Problem requirements: Output only the lines below that start at the line containing "使君子是一种比较冷门的藤本植" and end at the line containing "그리고 이날은 지인이", with both ends kept.

Data supplied:

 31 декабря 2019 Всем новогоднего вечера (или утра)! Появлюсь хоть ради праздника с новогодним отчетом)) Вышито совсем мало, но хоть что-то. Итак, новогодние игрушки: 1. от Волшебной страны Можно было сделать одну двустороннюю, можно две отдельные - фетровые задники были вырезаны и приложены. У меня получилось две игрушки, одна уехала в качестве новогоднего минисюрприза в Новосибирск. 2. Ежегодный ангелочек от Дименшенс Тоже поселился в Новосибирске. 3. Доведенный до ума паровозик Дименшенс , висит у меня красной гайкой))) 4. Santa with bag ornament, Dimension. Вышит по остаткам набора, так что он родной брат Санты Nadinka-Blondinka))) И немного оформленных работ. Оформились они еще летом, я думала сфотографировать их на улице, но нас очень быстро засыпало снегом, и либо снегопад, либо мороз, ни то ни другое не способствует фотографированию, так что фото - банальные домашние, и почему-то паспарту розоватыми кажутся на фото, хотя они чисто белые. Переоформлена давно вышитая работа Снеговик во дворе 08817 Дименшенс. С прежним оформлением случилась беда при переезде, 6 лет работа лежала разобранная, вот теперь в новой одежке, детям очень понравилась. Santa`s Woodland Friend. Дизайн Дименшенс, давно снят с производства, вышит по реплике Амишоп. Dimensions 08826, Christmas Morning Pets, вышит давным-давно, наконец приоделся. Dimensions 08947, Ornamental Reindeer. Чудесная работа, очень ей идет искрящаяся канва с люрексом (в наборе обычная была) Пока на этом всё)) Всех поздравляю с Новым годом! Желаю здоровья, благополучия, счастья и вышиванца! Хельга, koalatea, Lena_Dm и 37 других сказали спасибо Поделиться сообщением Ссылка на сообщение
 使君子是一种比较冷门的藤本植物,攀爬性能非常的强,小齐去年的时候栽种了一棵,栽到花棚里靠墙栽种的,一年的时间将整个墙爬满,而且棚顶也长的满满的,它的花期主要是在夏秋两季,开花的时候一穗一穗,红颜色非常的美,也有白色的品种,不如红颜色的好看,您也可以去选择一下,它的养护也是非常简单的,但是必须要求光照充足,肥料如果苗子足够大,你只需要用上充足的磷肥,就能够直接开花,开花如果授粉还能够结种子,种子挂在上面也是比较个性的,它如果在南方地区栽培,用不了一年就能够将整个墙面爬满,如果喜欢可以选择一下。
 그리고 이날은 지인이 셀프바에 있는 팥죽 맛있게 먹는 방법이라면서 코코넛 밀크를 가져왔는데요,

* * *

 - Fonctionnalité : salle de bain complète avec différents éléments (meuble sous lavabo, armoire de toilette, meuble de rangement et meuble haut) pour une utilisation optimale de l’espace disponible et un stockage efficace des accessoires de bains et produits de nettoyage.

Output:
 使君子是一种比较冷门的藤本植物,攀爬性能非常的强,小齐去年的时候栽种了一棵,栽到花棚里靠墙栽种的,一年的时间将整个墙爬满,而且棚顶也长的满满的,它的花期主要是在夏秋两季,开花的时候一穗一穗,红颜色非常的美,也有白色的品种,不如红颜色的好看,您也可以去选择一下,它的养护也是非常简单的,但是必须要求光照充足,肥料如果苗子足够大,你只需要用上充足的磷肥,就能够直接开花,开花如果授粉还能够结种子,种子挂在上面也是比较个性的,它如果在南方地区栽培,用不了一年就能够将整个墙面爬满,如果喜欢可以选择一下。
 그리고 이날은 지인이 셀프바에 있는 팥죽 맛있게 먹는 방법이라면서 코코넛 밀크를 가져왔는데요,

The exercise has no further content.